The War of Independence is not really in “the past” if the fury over the proposed Royal Irish Constabulary commemoration is any guide. But does anyone seriously suggest there were comparable mandates for the War of Independence and Warrenpoint? In summer 1978, barely one-fifth of people in the Republic expressed some level of support for the IRA according to an Economic and Social Research Institute opinion poll. The other clear distinction is that some of those involved at Warrenpoint are still alive – as, more importantly, are mutilated survivors and close relatives of the dead.

How much of the real and perceived injustice was worth the life of one 15-year-old boy?

Apart from the 22-body haul from Warrenpoint and Mullaghmore, 40 more people died at the hands of the IRA in 1979. They included 32-year-old Eamon Ryan shot dead during a bank robbery in Tramore, Co Waterford, two 16-year-old boys, and the British ambassador to the Netherlands, killed along with his 19-year-old valet.

The other side clocked up eight separate killings of young Catholic men.
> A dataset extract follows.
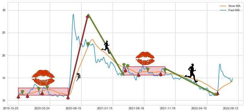 2021-09-23至2022-06-08 慢线与快线呈空头排列, 慢线与快线接触少,无缠绕
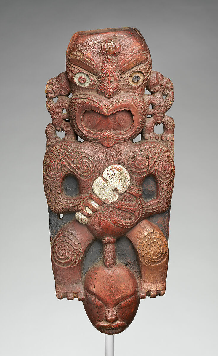 The Metropolitan Museum of Art collection contains a House Post Figure (Amo) made of wood and date to around 1800. It originates from somewhere in New Zealand and measures 109.2 × 27.9 × 12.7 centimeters (43 inches high, with a width of 11 inches and a depth of 5 inches). According to museum: Depicting an ancestor from the Te Arawa region, this panel once adorned a Māori meeting house and may depict an ancient warrior. The sense of fierce movement conveyed in the stylized depiction of the arms indicate's that the figure is likely engaged in a war dance, while his tongue is thrust out in defiance of his people's enemies. [Source: Metropolitan Museum of Art]

In February that year 11 loyalists known as the “Shankill butchers” were sentenced to life for 112 offences including 19 murders after five years roaming unfettered through Belfast by night hunting for Catholics to torture and murder with butcher knives and axes.

How much of the real and perceived injustice was worth the life of one 15-year-old boy? How many of those victims and their small, modest lives can be consigned to “the past” because “young Shinners” don’t feel it? How many deaths can be written off as the fault of “slow learners”?

We know how Séamus Mallon and John Hume would have answered.